** WORK TO BE COMPLETED **
Please, without any pictures, set down exactly the part of the listing below that opens with the line containing "自2017年起,全球数码相机" and closes with the line containing "У Малом изложбеном".

** EXERCISE MATERIAL **
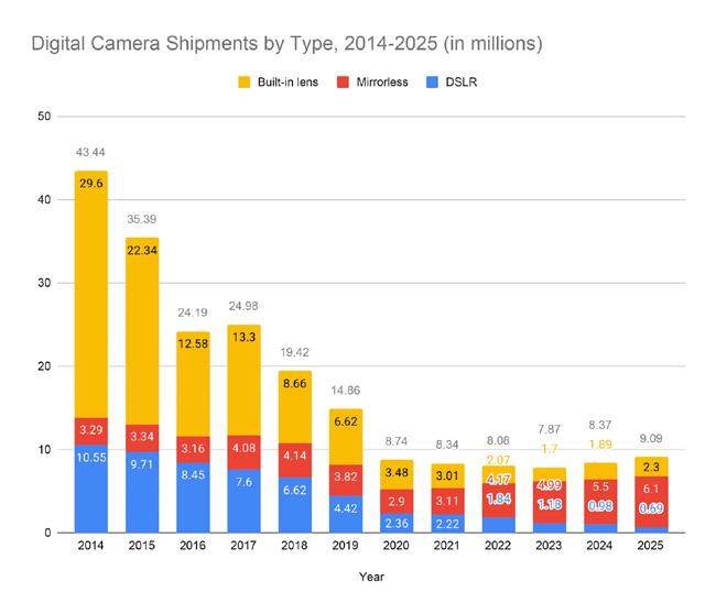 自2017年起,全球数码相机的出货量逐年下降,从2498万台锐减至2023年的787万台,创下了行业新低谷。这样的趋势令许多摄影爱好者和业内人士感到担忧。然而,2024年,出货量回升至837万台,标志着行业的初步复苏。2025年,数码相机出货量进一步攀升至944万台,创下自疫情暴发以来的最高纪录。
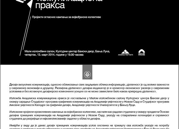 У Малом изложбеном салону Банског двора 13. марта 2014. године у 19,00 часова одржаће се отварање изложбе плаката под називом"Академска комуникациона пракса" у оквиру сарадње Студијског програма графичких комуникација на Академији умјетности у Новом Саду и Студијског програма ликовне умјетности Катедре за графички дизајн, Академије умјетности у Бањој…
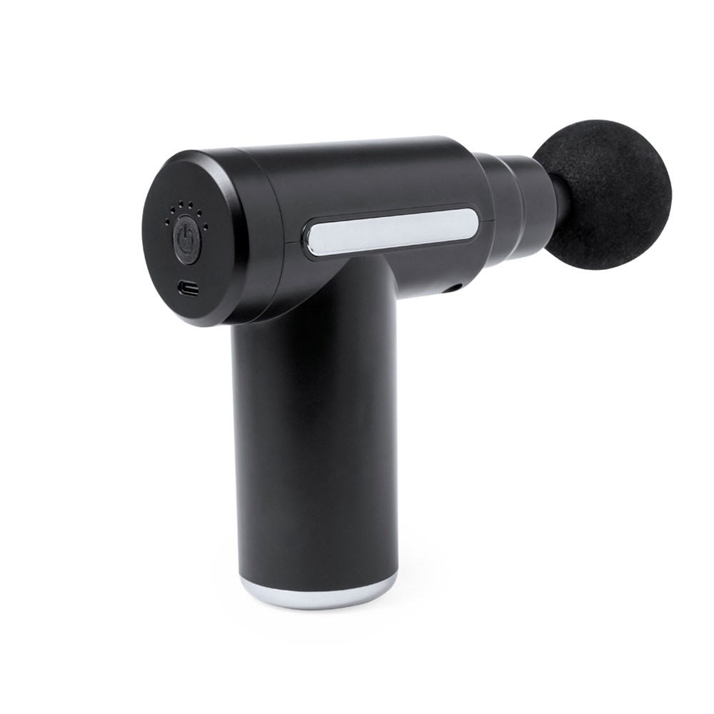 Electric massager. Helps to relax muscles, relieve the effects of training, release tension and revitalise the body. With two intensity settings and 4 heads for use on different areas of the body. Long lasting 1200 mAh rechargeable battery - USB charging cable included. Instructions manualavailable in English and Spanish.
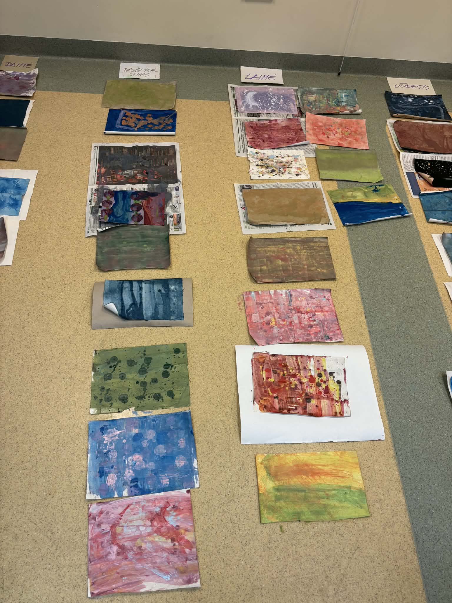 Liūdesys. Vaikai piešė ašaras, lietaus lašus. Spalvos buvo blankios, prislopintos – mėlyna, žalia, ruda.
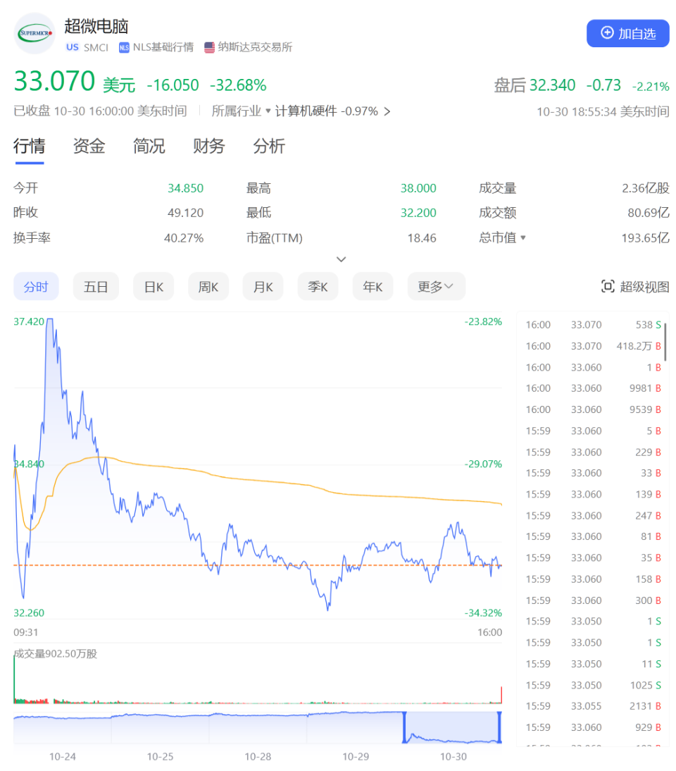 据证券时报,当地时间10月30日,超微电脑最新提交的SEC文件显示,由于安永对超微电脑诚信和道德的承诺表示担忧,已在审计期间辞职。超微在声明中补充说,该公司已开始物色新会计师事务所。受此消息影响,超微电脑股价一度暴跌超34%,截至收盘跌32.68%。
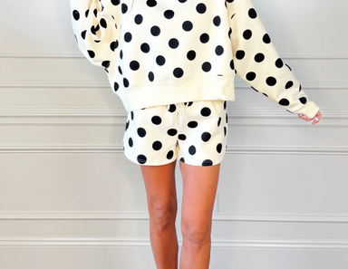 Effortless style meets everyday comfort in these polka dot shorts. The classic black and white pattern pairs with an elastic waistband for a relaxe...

--

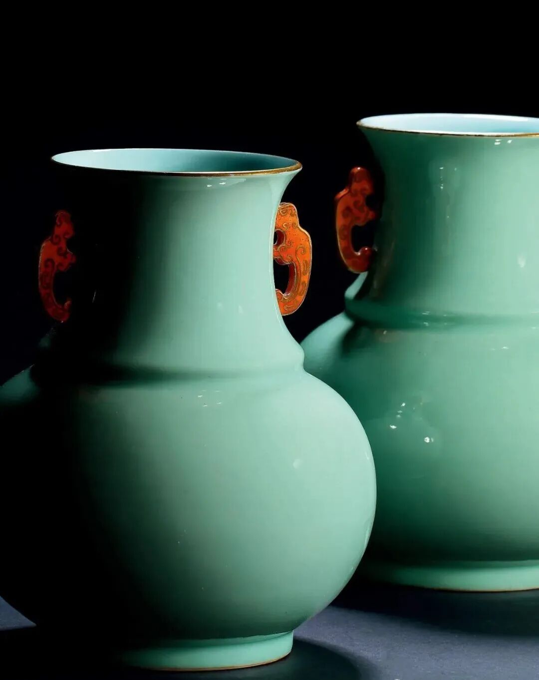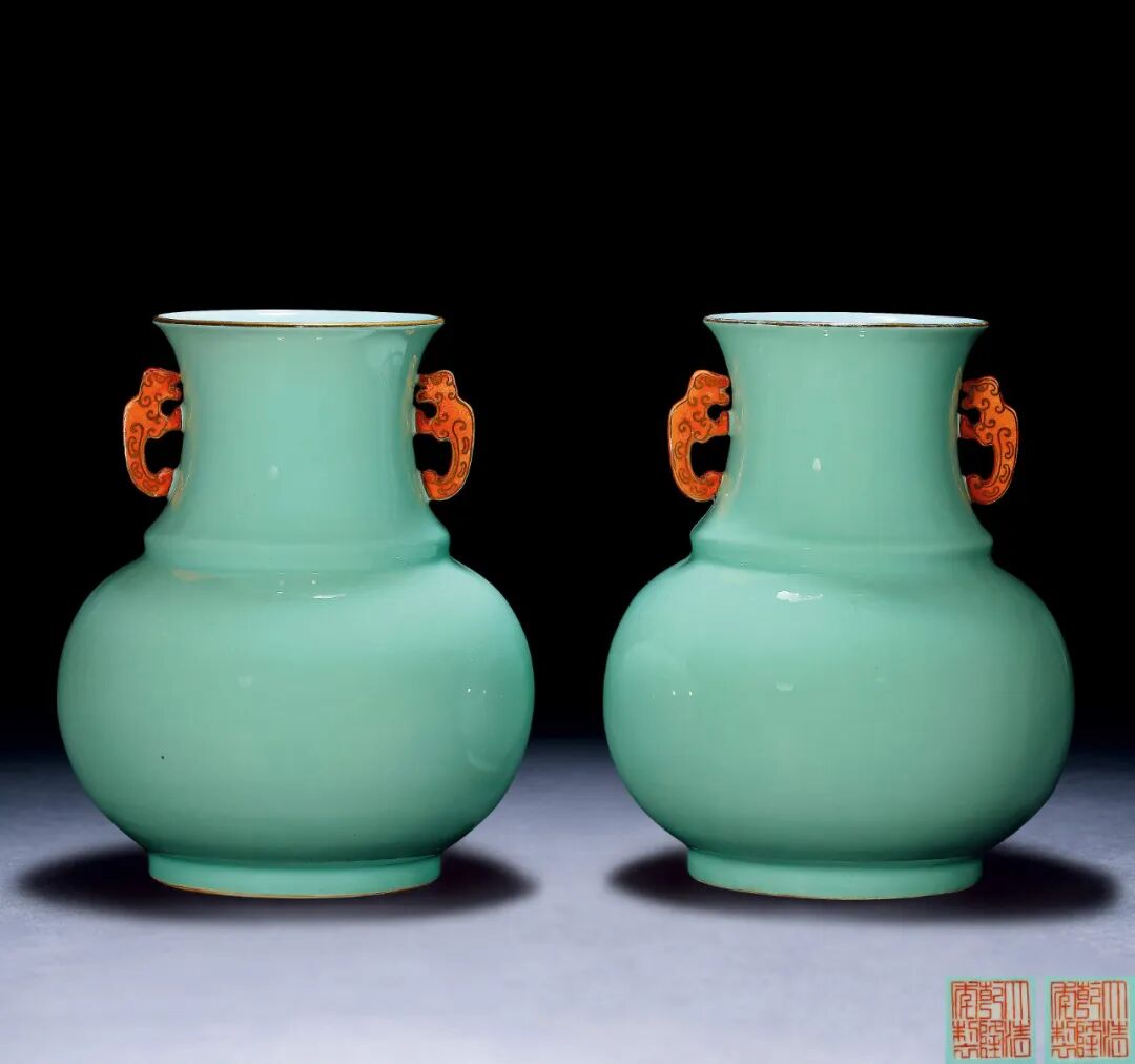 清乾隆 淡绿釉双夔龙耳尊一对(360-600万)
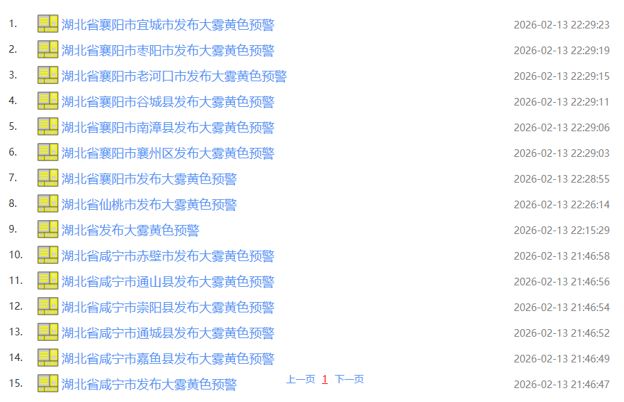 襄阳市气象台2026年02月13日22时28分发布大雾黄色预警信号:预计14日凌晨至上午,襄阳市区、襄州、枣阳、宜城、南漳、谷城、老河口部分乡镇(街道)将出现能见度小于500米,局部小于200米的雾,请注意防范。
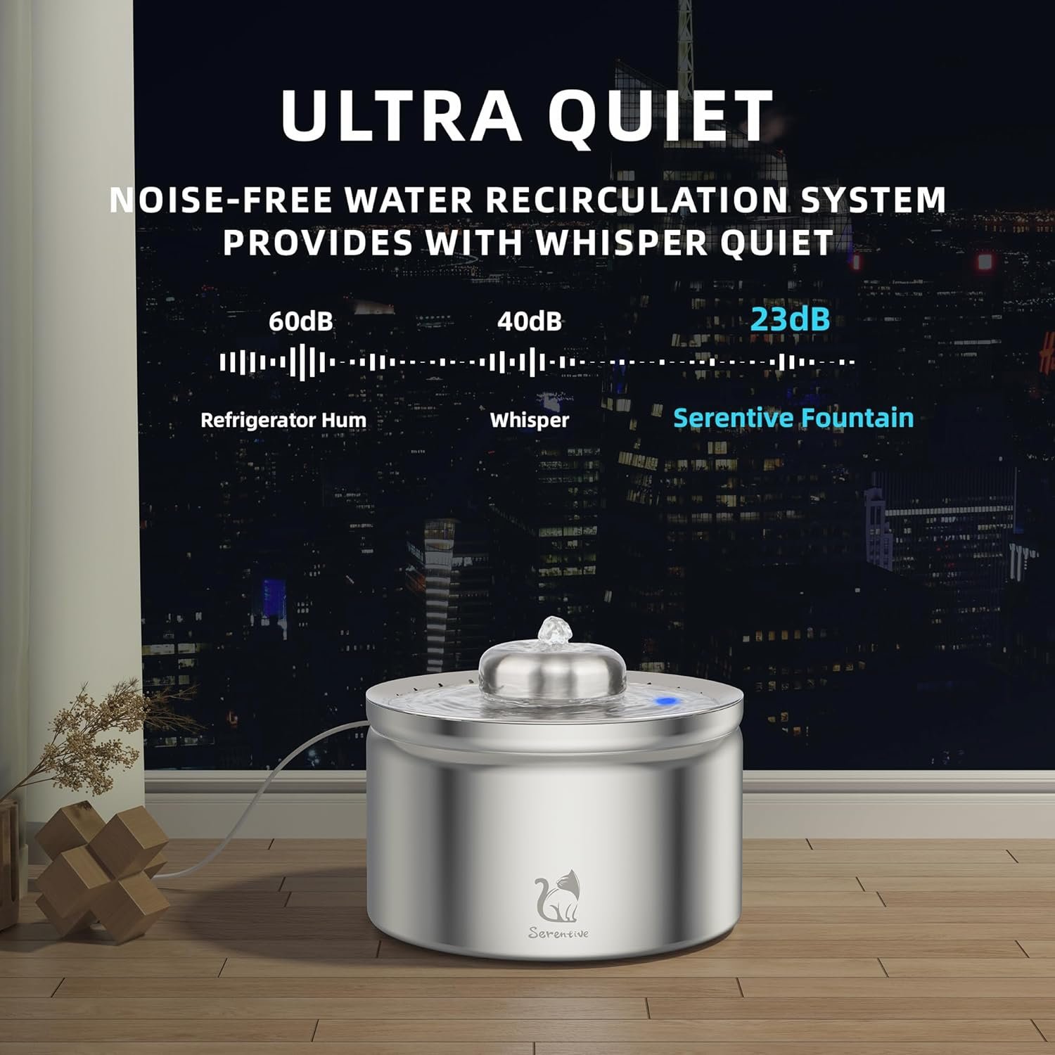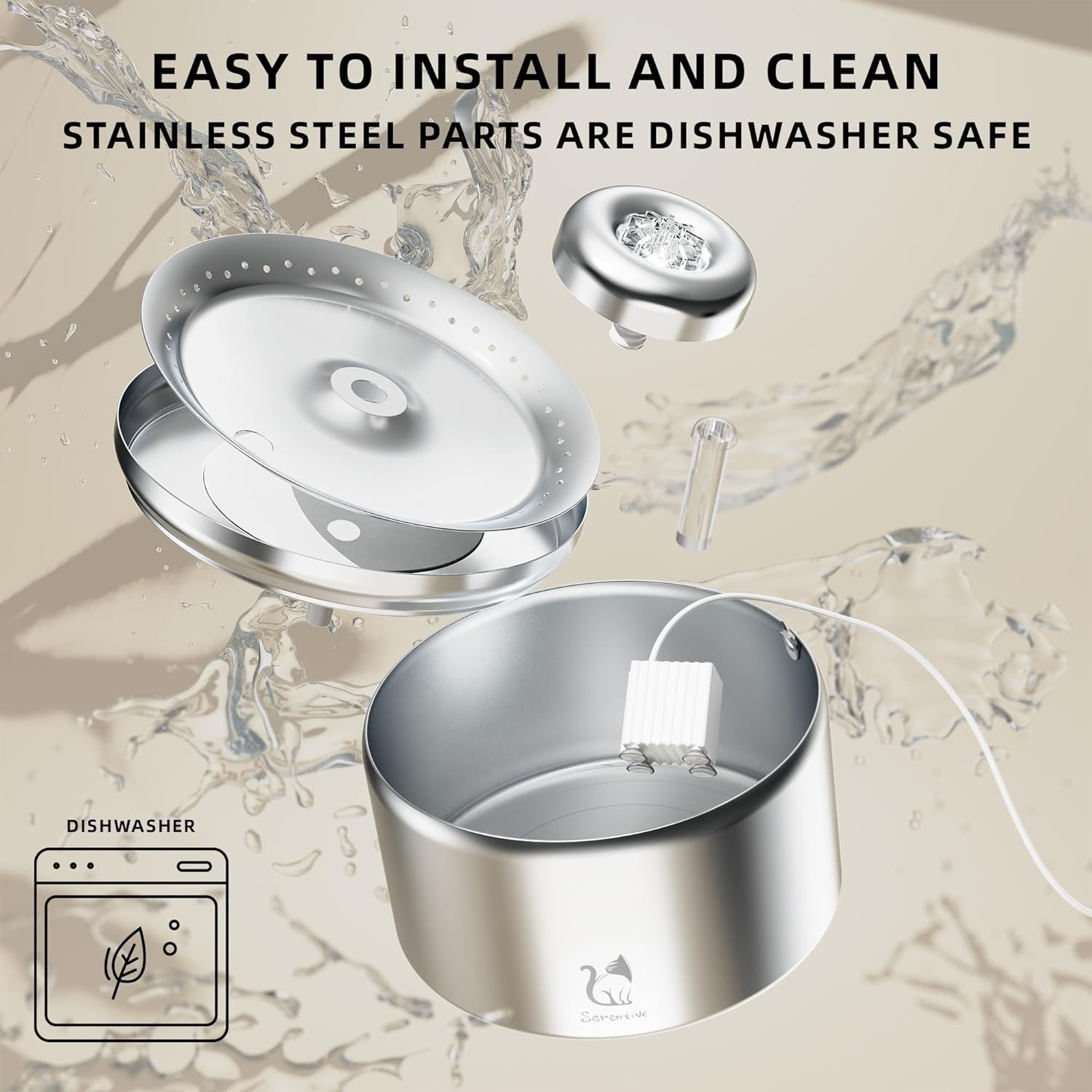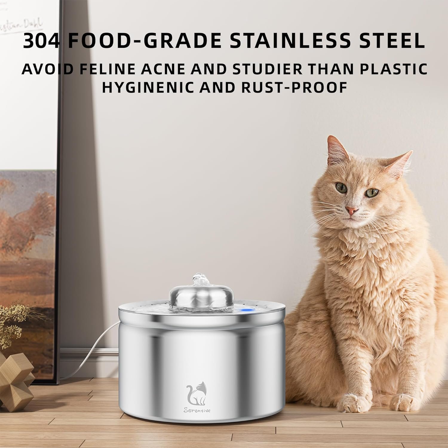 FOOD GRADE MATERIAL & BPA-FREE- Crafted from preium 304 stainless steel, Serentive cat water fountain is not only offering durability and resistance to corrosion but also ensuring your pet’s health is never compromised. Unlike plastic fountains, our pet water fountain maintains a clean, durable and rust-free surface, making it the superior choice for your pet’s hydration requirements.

** ANSWER BELOW **
 自2017年起,全球数码相机的出货量逐年下降,从2498万台锐减至2023年的787万台,创下了行业新低谷。这样的趋势令许多摄影爱好者和业内人士感到担忧。然而,2024年,出货量回升至837万台,标志着行业的初步复苏。2025年,数码相机出货量进一步攀升至944万台,创下自疫情暴发以来的最高纪录。
 У Малом изложбеном салону Банског двора 13. марта 2014. године у 19,00 часова одржаће се отварање изложбе плаката под називом"Академска комуникациона пракса" у оквиру сарадње Студијског програма графичких комуникација на Академији умјетности у Новом Саду и Студијског програма ликовне умјетности Катедре за графички дизајн, Академије умјетности у Бањој…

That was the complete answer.